# Why Are My Red Wag Platies Fighting?!?



## lauraleellbp (Feb 3, 2008)

Unless the fins are getting torn or they're taking scales off of each other, they're probably just acting normally. Males always chase females looking to breed.

Have you checked your water parameters, however? Fish can become more aggressive if their water quality is poor. High ammonia, nitrIte or nitrAte readings can be associated with abnormal aggression levels in fish.

Welcome to TPT!


----------



## JustOneMore21 (May 23, 2006)

Is this in your 55g? That really surprises me actually. Adding more of them could help. Are you sure they are fighting and not trying to breed? After you make sure your water quality is ok and if you have room, add in more, but make sure you have atleast 2 females for every male. I have like 10 Platies in my 55g (I went crazy :icon_roll ) and they are like the most peaceful fish.


----------



## AquaWorld (Jun 5, 2008)

lauraleellbp said:


> Unless the fins are getting torn or they're taking scales off of each other, they're probably just acting normally. Males always chase females looking to breed.
> 
> Have you checked your water parameters, however? Fish can become more aggressive if their water quality is poor. High ammonia, nitrIte or nitrAte readings can be associated with abnormal aggression levels in fish.
> 
> Welcome to TPT!


It's not like that, theyre swimming fast into each other hard, and the other red wags, are getting scared then fighting back. Thanks for the opnion! =)


----------



## AquaWorld (Jun 5, 2008)

JustOneMore21 said:


> Is this in your 55g? That really surprises me actually. Adding more of them could help. Are you sure they are fighting and not trying to breed? After you make sure your water quality is ok and if you have room, add in more, but make sure you have atleast 2 females for every male. I have like 10 Platies in my 55g (I went crazy :icon_roll ) and they are like the most peaceful fish.

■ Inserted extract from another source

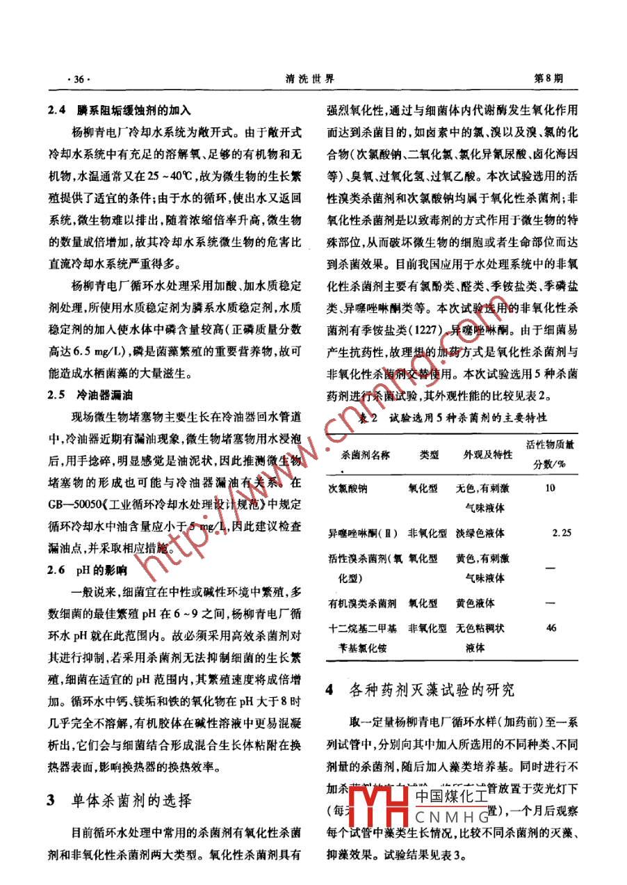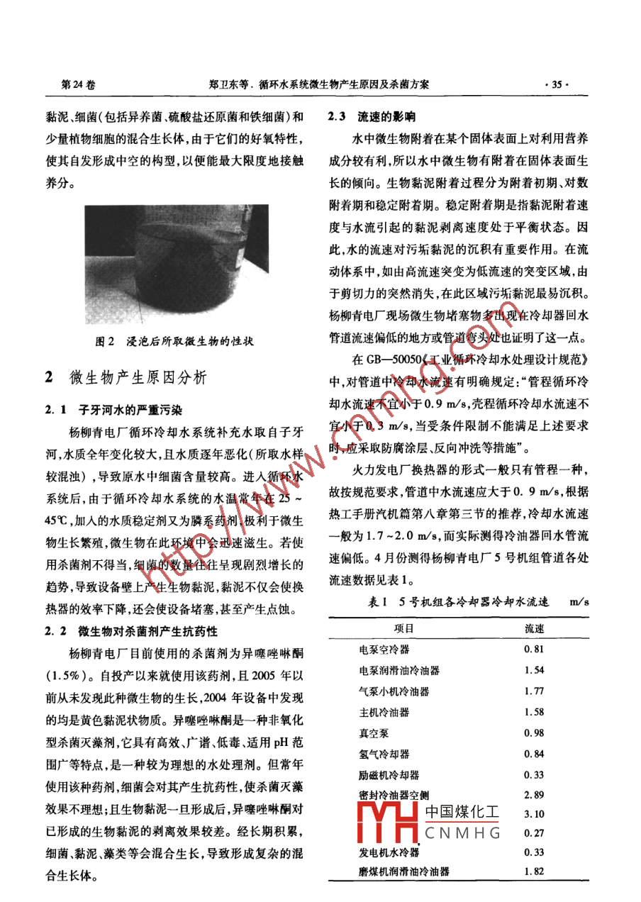 清洗世界第24卷第8期他山之石Cleaning World2008年8月文章編號:1671 - 8909(2008)08 -0034 -06循環(huán)水系統(tǒng)微生物產(chǎn)生原因及殺菌方案鄭衛(wèi)東'馮梅堂'田利2(1.華能楊柳青發(fā)電廠,天津300380; 2. 西安熱工研究院有限公司,陜西西安710032)商要:對楊柳青電廠循環(huán)水系統(tǒng)微生物堵塞物進行了菌種分析,并對微生物堵塞物形成的原因進行了探討,針對分析出的菌種(主要為異養(yǎng)菌)進行殺菌試驗,并提出了系統(tǒng)運行殺菌處理方案。關(guān)鍵詞:微生物;菌種分析;殺菌試驗中圖分類號:TQ 085*.4文獻標識碼:B楊柳青電廠地處天津市近郊,有2臺300 MW發(fā)電機組。該廠循環(huán)冷卻水系統(tǒng)補充水取自子牙1微生物種類的確定河,水質(zhì)全年變化較大,且逐年惡化。為節(jié)約用水、,管道微生物污堵情況示于圖1。堵物外觀呈黑降低水耗,循環(huán)水系統(tǒng)處理采用加酸.加水質(zhì)穩(wěn)定劑褐色絲 帶狀物集合生長體,經(jīng)水浸泡后,絲狀物變?yōu)樘幚?并采用1.5%的異噻唑啉酮進行殺菌處理,循中空的桿狀物,見圖2。用手輕捻泡開的桿狀物,立環(huán)冷卻水的排污水通過反滲透處理后回用,循環(huán)水即松散為油泥狀,未感覺有植物纖維,鏡檢(400倍)水質(zhì)有一定改善。全廠輔機設備用水均采用循環(huán)清楚地看到鐵細菌、寄生蟲卵和少量植物細胞。水,2006年5號機組小修設備解體后發(fā)現(xiàn),汽機側(cè)冷經(jīng)過顯微鏡鏡檢和細菌種類分析,堵塞物中含卻器回水部分管道(尤其是水平管道和管道的轉(zhuǎn)彎有大量的異養(yǎng)菌、硫酸鹽還原菌和鐵細菌,生物體為處)有微生物及黏泥堵塞現(xiàn)象。冷卻塔的分水槽內(nèi)也發(fā)現(xiàn)此類微生物。如果這一問題不解決,長期發(fā)展下去,微生物黏泥附著在管道中,會降低熱交換能力:同時,黏泥若不及時去除,日積月累會造成管道的堵塞及造成垢下微生物腐蝕等。西安熱工研究院有限公司和楊柳青電廠合作,對循環(huán)水系統(tǒng)微生物堵寨物進行了細菌種類鑒別試驗殺菌劑篩選及動態(tài)試驗,并提出了循環(huán)水殺菌滅圍1管道中微生物污 堵情況藻的處理方案。中國煤化工JYHCNMHG作者簡介:鄭衛(wèi)東( 1962 - )男,高工,現(xiàn)主要從事電廠技術(shù)管理工作。第24卷鄭衛(wèi)東等.循環(huán)水系統(tǒng)微生物產(chǎn)生原因及殺菌方案●35.黏泥、細菌(包括異養(yǎng)菌硫酸鹽還原菌和鐵細菌)和2.3 流速的影響少量植物細胞的混合生長體,由于它們的好氧特性,水中微生物附著在某個固體表面上對利用營養(yǎng)使其自發(fā)形成中空的構(gòu)型,以便能最大限度地接觸成分較有利,所以水中微生物有附著在固體表面生養(yǎng)分。長的傾向。生物黏泥附著過程分為附著初期、對數(shù)附著期和穩(wěn)定附著期。穩(wěn)定附著期是指黏泥附著速度與水流引起的黏泥剝離速度處于平衡狀態(tài)。因此,水的流速對污垢黏泥的沉積有重要作用。在流動體系中,如由高流速突變?yōu)榈土魉俚耐蛔儏^(qū)域,由于剪切力的突然消失,在此區(qū)域污垢黏泥最易沉積。楊柳青電廠現(xiàn)場微生物堵塞物多出現(xiàn)在冷卻器回水圖2浸泡后所取微 生物的性狀管道流速偏低的地方或管道彎頭處也證明了這一一點。在GB- -50050<工業(yè)循環(huán)冷卻水處理設計規(guī)范》2微生物產(chǎn)生原因分析中,對管道中冷卻水流速有明確規(guī)定:“管程循環(huán)冷卻水流速不宜小于0.9 m/s,殼程循環(huán)冷卻水流速不2.1子牙河水的嚴重污染楊柳青電廠循環(huán)冷卻水系統(tǒng)補充水取自子牙宜小于0.3 m/s,當受條件限制不能滿足上述要求河,水質(zhì)全年變化較大,且水質(zhì)逐年惡化(所取水樣時,應采取防腐涂層、反向沖洗等措施"。較混濁) ,導致原水中細菌含量較高。進入循環(huán)水火力發(fā)電廠換熱器的形式- -般只有管程一種,系統(tǒng)后,由于循環(huán)冷卻水系統(tǒng)的水溫常年在25 ~故按規(guī)范要求,管道中水流速應大于0.9 m/s,根據(jù)45C ,加人的水質(zhì)穩(wěn)定劑又為膦系藥劑,極利于微生熱工手冊汽機篇第八章第三節(jié)的推薦,冷卻水流速物生長繁殖,微生物在此環(huán)境中會迅速滋生。若使一般為1.7~2.0 m/s, 而實際測得冷油器回水管流用殺菌劑不得當,細菌的數(shù)量往往呈現(xiàn)劇烈增長的速偏低。4月份測得楊柳青電廠5號機組管道各處趨勢,導致設備壁上產(chǎn)生生物黏泥,黏泥不僅會使換流速數(shù)據(jù)見表1。表15 號機組各冷卻器冷卻水流速m/s熱器的效率下降,還會使設備堵塞,甚至產(chǎn)生點蝕。2.2微生物對殺菌劑產(chǎn)生抗藥性項目流速楊柳青電廠目前使用的殺菌劑為異噻唑啉酮,電泵空冷器0.81(1.5%)。自投產(chǎn)以來就使用該藥劑,且2005年以電泵潤滑油冷油器1.54前從未發(fā)現(xiàn)此種微生物的生長,2004年設備中發(fā)現(xiàn)氣泵小機冷油器1.77的均是黃色黏泥狀物質(zhì)。異噻唑啉酮是-種非氧化主機冷油器1.58型殺菌滅藻劑,它具有高效、廣譜、低毒、適用pH范真空泵0.98圍廣等特點,是一種較為理想的水處理劑。但常年氫氣冷卻器0.84勵磁機冷卻器0.33使用該種藥劑,細菌會對其產(chǎn)生抗藥性,使殺菌滅藻密封冷油器空側(cè)2.89效果不理想;且生物黏泥- -旦形成后,異噻唑啉酮對中國煤化工3. 10已形成的生物黏泥的剝離效果較差。經(jīng)長期積累,YHCNMHG0.

My red wag platies were in the 15g tank at first, but yesterday at night we moved them into an established 55g tank, still in the making, more fish to come soon this week!


----------



## ununknown (Mar 26, 2008)

Wow, thats how i started off. First a 15g, and now just recently we got a 55g. Look Here


----------



## AquaShrimp (Jun 3, 2008)

*I Have a 55g Tank Too!*

Boy, i really am starting to creep out, 3 people with 55g tanks same pics...:eek5: man...


----------



## lauraleellbp (Feb 3, 2008)

AquaShrimp, don't you think your sig is a little disrespectful to TPT? 

And what on earth pics are you talking about?

Is LiveAquaria really this desperate for members?


----------



## AquaShrimp (Jun 3, 2008)

lauraleellbp said:


> AquaShrimp, don't you think your sig is a little disrespectful to TPT?
> 
> And what on earth pics are you talking about?
> 
> Is LiveAquaria really this desperate for members?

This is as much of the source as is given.